PostgreSQL slow commit performance
The server has incredibly, unspeakably, amazingly slow fsync
performance. There's something very badly wrong with your software RAID 1 setup. The terrible fsync
performance is almost certainly the cause of your performance problems.
The desktop merely has very slow fsync
.
You can work around the performance issues at the cost of losing some data after a crash by setting synchronous_commit = off
and setting a commit_delay
. You really need to sort out the disk performance on the server, though, that's jaw-droppingly slow.
For comparison, here's what I get on my laptop (i7, 8GB RAM, mid-range 128G SSD, pg_test_fsync from 9.2):
Compare file sync methods using one 8kB write:
open_datasync 4445.744 ops/sec
fdatasync 4225.793 ops/sec
fsync 2742.679 ops/sec
fsync_writethrough n/a
open_sync 2907.265 ops/sec
Admittedly this SSD probably isn't hard-power-loss-safe, but it's not like a decent power-fail-safe SSD costs a great deal when we're talking server costs.
This is pg_test_fsync
output on my server, with very similar configuration — Linux software RAID1 on 2 consumer-grade disks (WD10EZEX-00RKKA0
) :
# ./pg_test_fsync -s 3
Compare file sync methods using one 8kB write:
(in wal_sync_method preference order, except fdatasync
is Linux's default)
open_datasync 115.375 ops/sec
fdatasync 109.369 ops/sec
fsync 27.081 ops/sec
fsync_writethrough n/a
open_sync 112.042 ops/sec
...
You did test this on completely idle server, do you?

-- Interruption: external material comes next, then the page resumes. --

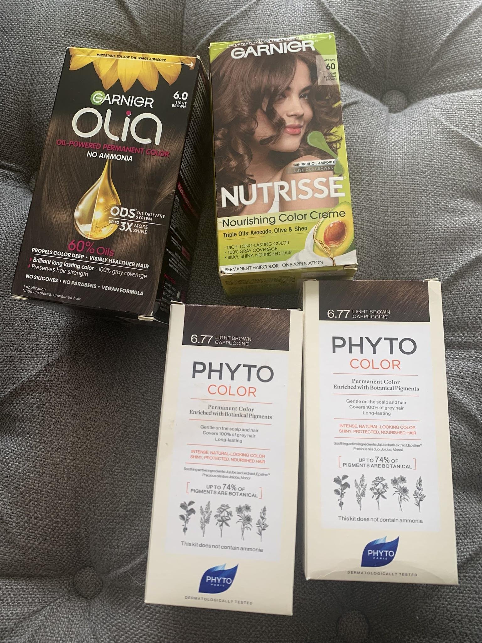 Стари кутии от бои,които вече не ползвам. От както минах на Madison Reed боите,други вече не купувам,но ако видя Фито на разпродажба,бих си взела отново цвят 6.77. Щади косата, цвета е покривен(макар,че за сиви коси има какво да се желае), не ухае на тежката химия и амоняк.

Maybe you have unaligned partitions. Check:
parted /dev/sda unit s print
This is the output of my server:
Model: ATA WDC WD10EZEX-00R (scsi)
Disk /dev/sda: 1953525168s
Sector size (logical/physical): 512B/4096B
Partition Table: msdos
Number Start End Size Type File system Flags
1 2048s 67110911s 67108864s primary ext4 boot, raid
2 67110912s 603981823s 536870912s primary raid
3 603981824s 608176127s 4194304s primary linux-swap(v1)

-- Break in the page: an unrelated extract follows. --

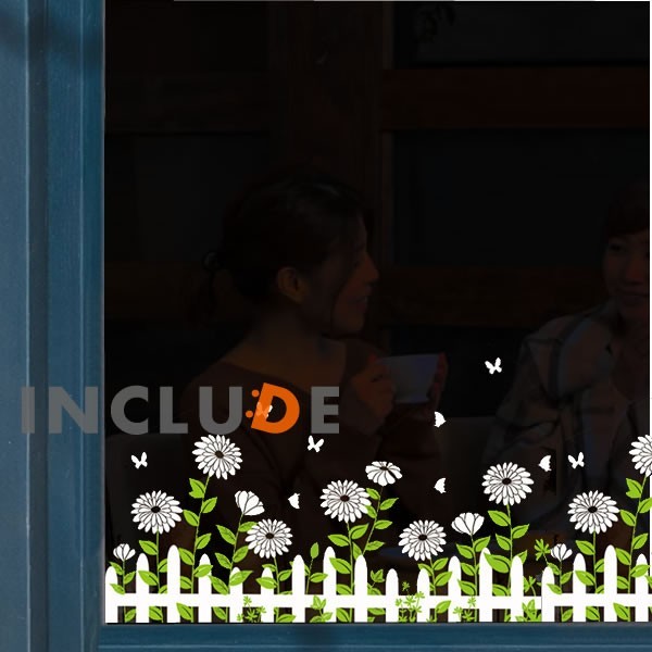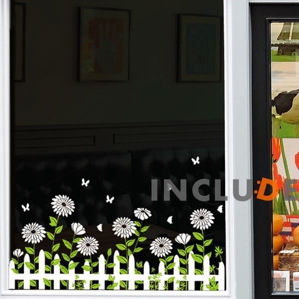 ウォールステッカー 白菊 マトリカリア 花鳥風月 ガラス 長谷川派 夏白菊 ナツシロギク ワイルドフィバーフュー マーガレット

4 608176128s 1953523711s 1345347584s primary raid
Check that each number in Start
column is divisible by 2048 (which means 1MiB). For good 4096B alignment divisible by 4 would suffice, but alignment aware utilities start partitions at 1MiB boundaries.
Also maybe you're using non-default mount options, like data=journal
, which have big impact on performance. Show your: mount -v | grep ^/dev/
. This is mine:
/dev/md0 on / type ext4 (rw,barrier,usrjquota=aquota.user,grpjquota=aquota.group,jqfmt=vfsv0)
/dev/md2 on /home type ext4 (rw,barrier,usrjquota=aquota.user,grpjquota=aquota.group,jqfmt=vfsv0)
/dev/md1 on /var type ext4 (rw,barrier,usrjquota=aquota.user,grpjquota=aquota.group,jqfmt=vfsv0)
Maybe one of your disks is broken. Create one partition on each disk with no RAID (maybe you reserved some swap partitions on both disks - use these - there's no use for RAID on swap anyway). Create filesystems there and run pg_test_fsync
on each drive - if one has problems then a good one would have to wait for it when both are mirrored.
Check that your BIOS is set to use AHCI mode instead of IDE mode. A server would benefit from Native Command Queuing, which is not available in IDE mode.
Ignore comparison with SSD. It's ridiculous to compare.